Jackson Carlaw: I am prepared to accept that Mr Stevenson may have been at Waterloo, but to suggest that a reduction in the armed forces after Napoleon was defeated led to some immediate crisis for Britain’s influence across the world is nonsense. It was 50 years before the threats to which Mr Stevenson is alluding emerged. Of course it was the right thing to do. Defence forces must meet the threat. Although he talks about ISIS today, he cannot know what the threats in the next 40 years are going to be.

Stewart Stevenson: I am glad that Mr Carlaw has read “The Art of War”, which contains the wonderful adage that no plan survives first contact with the enemy. I agree with Jackson Carlaw that we do not know what the threat might be next week, next year or in five years’ time. That is why we need flexibility and diversity in our defence provision, which is obviated by our committing huge proportions of our defence expenditure to a weapon that is incapable of being deployed—Trident.

In the modern world, the kind of threats to which we are subject require physical presence adjacent to local threats and a mobile force that can move to where international threats are.

In the north of Scotland, in the past five or six years, we have twice seen the Kuznetsov, the biggest military ship in the Russian navy, in the Moray Firth. It was moored so close off Banff that we could see people with the naked eye—I usually wear glasses, but I could see them without them—walking on the aircraft carrier deck. It took more than 24 hours for any UK military presence to arrive to see what the Kuznetsov was up to and to protect our interests.

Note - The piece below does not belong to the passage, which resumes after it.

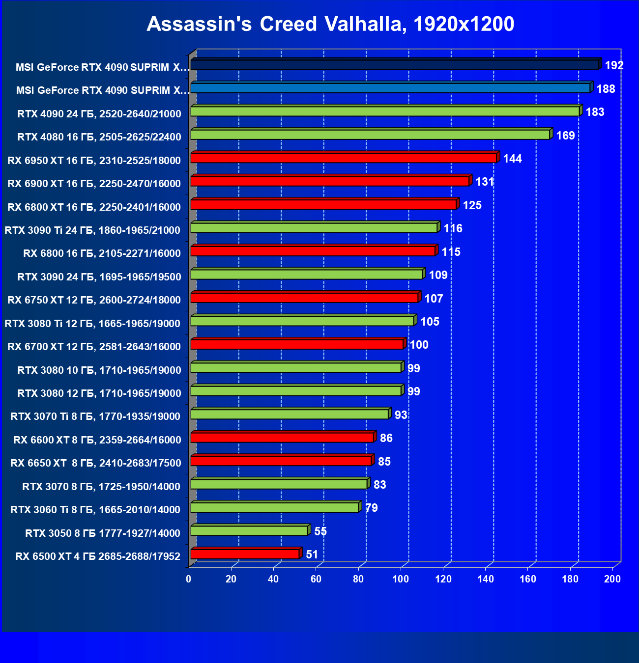 | 21 | MSI GeForce RTX 4090 Suprim X 24 ГБ, 2625—2790/21000 | 54 | 976 | 180 000 |

It is that failure to respond to today’s defence challenges that underpins the failures that we see in the basing review. If money is simply spent on Trident, money is not spent on what we need. The Tories in particular constantly complain about business, education and healthcare budgets, but those budgets are dwarfed by the amount of money that they want us to spend on Trident.

Furthermore, the money that is spent on people in our Army and on bases has a wider economic benefit in a way that sending vast amounts of money to the United States for the equipment that is associated with Trident does not—and, by the way, we do not even receive the codes that enable us to independently decide to use it. That is hardly supportive of the economic interests of this country or the UK as a whole.

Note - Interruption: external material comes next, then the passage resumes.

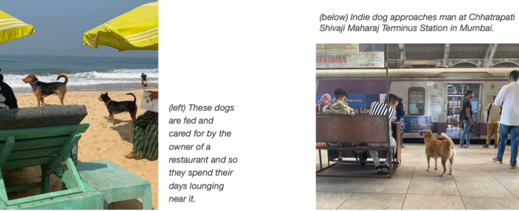 Even when the Indies saw leashed pet dogs or neighbouring Indies passing through or near their territories, they might growl or bark a warning but I didn’t see any conflict between dogs that escalated to the point of bloodshed. Most times there wasn’t even contact. This could be true in other countries as well, but I haven’t got enough experience to speak to anywhere else. In India though, there is a noticeable culture among people of recognizing animals’ place in the world and making less of an attempt to control it and more of an attempt to tolerate it.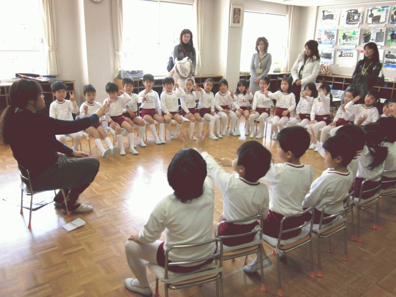 年長組の園開放1日目は、英語のキャシー先生と音楽の後藤先生と

We in Scotland have particular maritime interests. We have substantial fishing interests out to 200 miles and we have substantial oil and gas interests. Despite having all the UK’s submarines based in Scotland, they are not suitable or useful for responding to the maritime threats to our interests. Therefore, we must look at what happens in navy bases. Even the Irish have seven vessels specially built for that purpose based around their coastline. That country is smaller than Scotland. Those vessels, in addition to its two maritime surveillance aircraft, are perfectly illustrative of what even small countries can do with more limited resources.

Let me return to what the previous speaker, Maurice Golden, said—

The member said that good defence is based on people. I agree. We need more personnel located in Scotland, contributing to our economy and giving stability to their families and friends.